Task statement:
Leave the pictures out. Transcribe exactly every line from the start of the records through the one containing "根據灣灣當地的法律,大S去世".

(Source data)
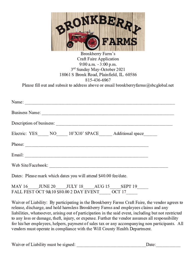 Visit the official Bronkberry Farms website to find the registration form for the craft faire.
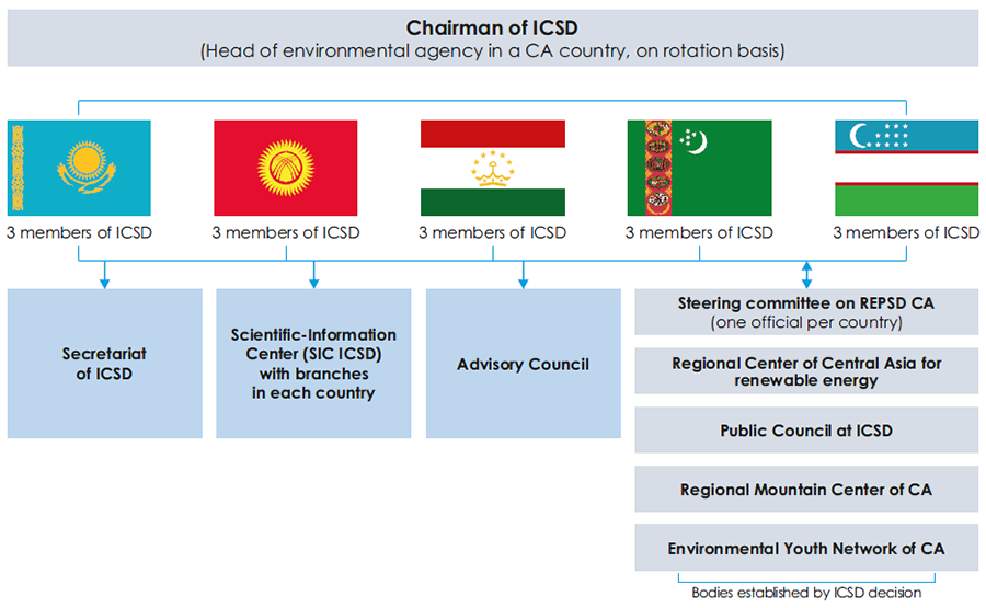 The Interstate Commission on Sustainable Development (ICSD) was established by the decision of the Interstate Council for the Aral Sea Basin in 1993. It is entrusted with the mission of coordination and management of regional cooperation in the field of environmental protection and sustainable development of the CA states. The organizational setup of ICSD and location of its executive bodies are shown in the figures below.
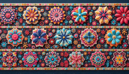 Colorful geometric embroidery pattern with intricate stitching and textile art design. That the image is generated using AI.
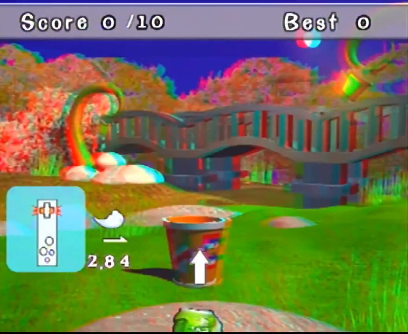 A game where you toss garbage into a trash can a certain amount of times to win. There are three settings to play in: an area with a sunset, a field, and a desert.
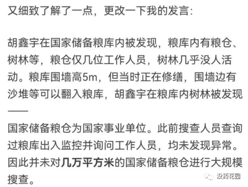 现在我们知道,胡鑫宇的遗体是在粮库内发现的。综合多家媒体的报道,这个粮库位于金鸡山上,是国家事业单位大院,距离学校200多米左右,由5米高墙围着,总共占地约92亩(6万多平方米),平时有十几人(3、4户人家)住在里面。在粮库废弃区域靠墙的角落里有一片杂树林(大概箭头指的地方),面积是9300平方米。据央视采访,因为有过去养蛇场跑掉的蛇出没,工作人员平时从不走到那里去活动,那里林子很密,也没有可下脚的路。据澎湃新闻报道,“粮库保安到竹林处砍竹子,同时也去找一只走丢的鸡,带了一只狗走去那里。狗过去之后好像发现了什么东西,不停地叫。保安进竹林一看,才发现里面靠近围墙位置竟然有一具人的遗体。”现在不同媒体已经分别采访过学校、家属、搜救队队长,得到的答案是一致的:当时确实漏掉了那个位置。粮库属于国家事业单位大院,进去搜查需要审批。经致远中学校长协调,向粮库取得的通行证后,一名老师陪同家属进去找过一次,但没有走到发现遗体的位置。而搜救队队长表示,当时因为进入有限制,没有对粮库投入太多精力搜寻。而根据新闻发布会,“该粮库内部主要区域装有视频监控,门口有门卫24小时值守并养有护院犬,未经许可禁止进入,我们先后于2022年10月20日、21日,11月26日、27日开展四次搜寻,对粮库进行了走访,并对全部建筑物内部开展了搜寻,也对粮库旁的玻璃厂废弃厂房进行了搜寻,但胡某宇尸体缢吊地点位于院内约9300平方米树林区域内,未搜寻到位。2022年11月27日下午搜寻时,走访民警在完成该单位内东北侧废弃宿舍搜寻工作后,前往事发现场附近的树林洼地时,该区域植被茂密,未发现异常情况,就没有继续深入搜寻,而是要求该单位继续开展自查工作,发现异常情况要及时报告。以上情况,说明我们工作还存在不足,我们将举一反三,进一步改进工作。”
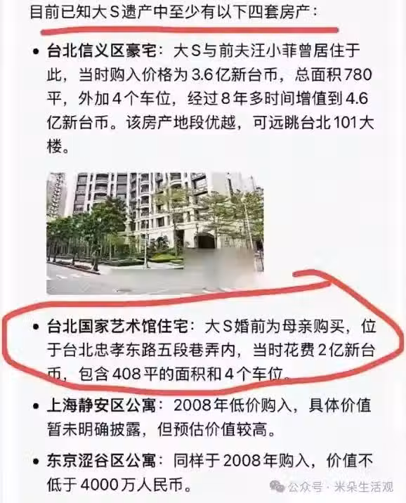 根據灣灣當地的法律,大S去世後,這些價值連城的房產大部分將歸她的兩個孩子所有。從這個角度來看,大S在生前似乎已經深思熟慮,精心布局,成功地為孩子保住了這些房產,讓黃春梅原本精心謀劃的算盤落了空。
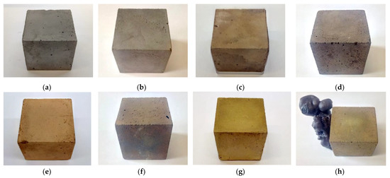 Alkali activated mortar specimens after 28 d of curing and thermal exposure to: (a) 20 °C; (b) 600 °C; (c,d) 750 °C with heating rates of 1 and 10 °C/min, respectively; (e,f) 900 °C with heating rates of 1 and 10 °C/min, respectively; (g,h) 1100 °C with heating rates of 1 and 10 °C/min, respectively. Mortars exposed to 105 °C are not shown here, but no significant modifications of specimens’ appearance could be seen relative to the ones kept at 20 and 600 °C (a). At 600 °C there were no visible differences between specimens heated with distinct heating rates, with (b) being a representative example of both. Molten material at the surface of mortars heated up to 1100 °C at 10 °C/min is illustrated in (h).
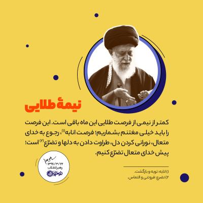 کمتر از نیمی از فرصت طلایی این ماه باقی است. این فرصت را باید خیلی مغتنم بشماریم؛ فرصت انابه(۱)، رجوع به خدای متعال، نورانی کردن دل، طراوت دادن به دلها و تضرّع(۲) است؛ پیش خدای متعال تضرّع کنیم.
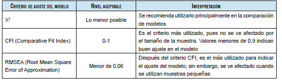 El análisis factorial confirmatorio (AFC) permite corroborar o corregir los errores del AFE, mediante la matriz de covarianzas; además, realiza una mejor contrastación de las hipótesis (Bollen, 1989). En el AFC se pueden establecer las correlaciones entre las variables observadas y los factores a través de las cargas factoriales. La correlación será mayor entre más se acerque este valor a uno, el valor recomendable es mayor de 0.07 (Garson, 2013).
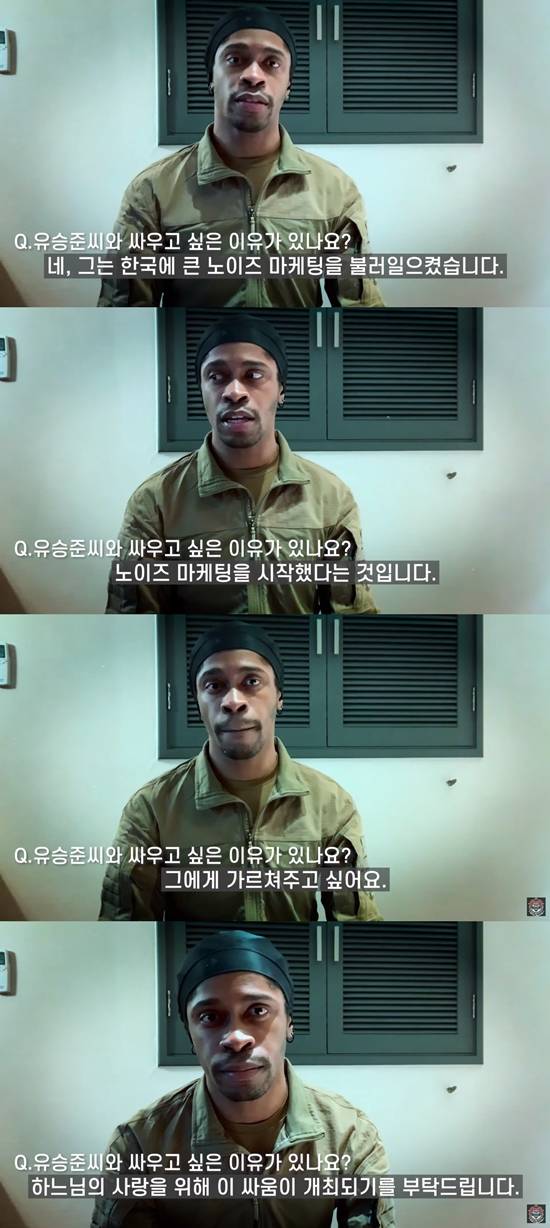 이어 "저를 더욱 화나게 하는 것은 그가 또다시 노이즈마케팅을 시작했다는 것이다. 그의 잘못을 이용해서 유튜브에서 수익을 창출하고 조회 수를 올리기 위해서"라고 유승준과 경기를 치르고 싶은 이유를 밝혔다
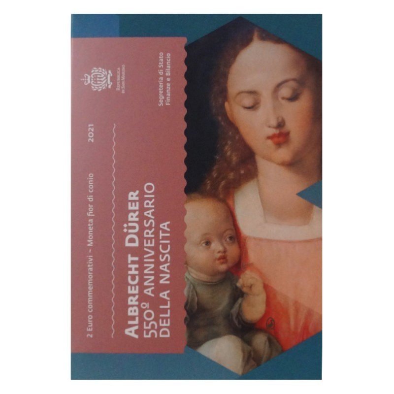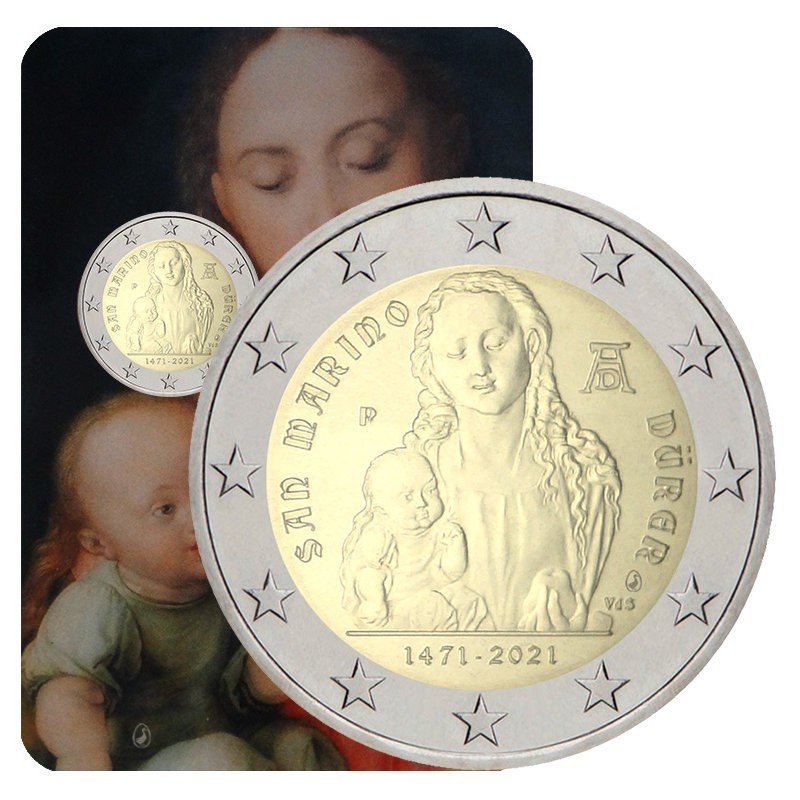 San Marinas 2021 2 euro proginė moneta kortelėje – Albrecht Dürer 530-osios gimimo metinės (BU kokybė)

Result of the task:
 Visit the official Bronkberry Farms website to find the registration form for the craft faire.
 The Interstate Commission on Sustainable Development (ICSD) was established by the decision of the Interstate Council for the Aral Sea Basin in 1993. It is entrusted with the mission of coordination and management of regional cooperation in the field of environmental protection and sustainable development of the CA states. The organizational setup of ICSD and location of its executive bodies are shown in the figures below.
 Colorful geometric embroidery pattern with intricate stitching and textile art design. That the image is generated using AI.
 A game where you toss garbage into a trash can a certain amount of times to win. There are three settings to play in: an area with a sunset, a field, and a desert.
 现在我们知道,胡鑫宇的遗体是在粮库内发现的。综合多家媒体的报道,这个粮库位于金鸡山上,是国家事业单位大院,距离学校200多米左右,由5米高墙围着,总共占地约92亩(6万多平方米),平时有十几人(3、4户人家)住在里面。在粮库废弃区域靠墙的角落里有一片杂树林(大概箭头指的地方),面积是9300平方米。据央视采访,因为有过去养蛇场跑掉的蛇出没,工作人员平时从不走到那里去活动,那里林子很密,也没有可下脚的路。据澎湃新闻报道,“粮库保安到竹林处砍竹子,同时也去找一只走丢的鸡,带了一只狗走去那里。狗过去之后好像发现了什么东西,不停地叫。保安进竹林一看,才发现里面靠近围墙位置竟然有一具人的遗体。”现在不同媒体已经分别采访过学校、家属、搜救队队长,得到的答案是一致的:当时确实漏掉了那个位置。粮库属于国家事业单位大院,进去搜查需要审批。经致远中学校长协调,向粮库取得的通行证后,一名老师陪同家属进去找过一次,但没有走到发现遗体的位置。而搜救队队长表示,当时因为进入有限制,没有对粮库投入太多精力搜寻。而根据新闻发布会,“该粮库内部主要区域装有视频监控,门口有门卫24小时值守并养有护院犬,未经许可禁止进入,我们先后于2022年10月20日、21日,11月26日、27日开展四次搜寻,对粮库进行了走访,并对全部建筑物内部开展了搜寻,也对粮库旁的玻璃厂废弃厂房进行了搜寻,但胡某宇尸体缢吊地点位于院内约9300平方米树林区域内,未搜寻到位。2022年11月27日下午搜寻时,走访民警在完成该单位内东北侧废弃宿舍搜寻工作后,前往事发现场附近的树林洼地时,该区域植被茂密,未发现异常情况,就没有继续深入搜寻,而是要求该单位继续开展自查工作,发现异常情况要及时报告。以上情况,说明我们工作还存在不足,我们将举一反三,进一步改进工作。”
 根據灣灣當地的法律,大S去世後,這些價值連城的房產大部分將歸她的兩個孩子所有。從這個角度來看,大S在生前似乎已經深思熟慮,精心布局,成功地為孩子保住了這些房產,讓黃春梅原本精心謀劃的算盤落了空。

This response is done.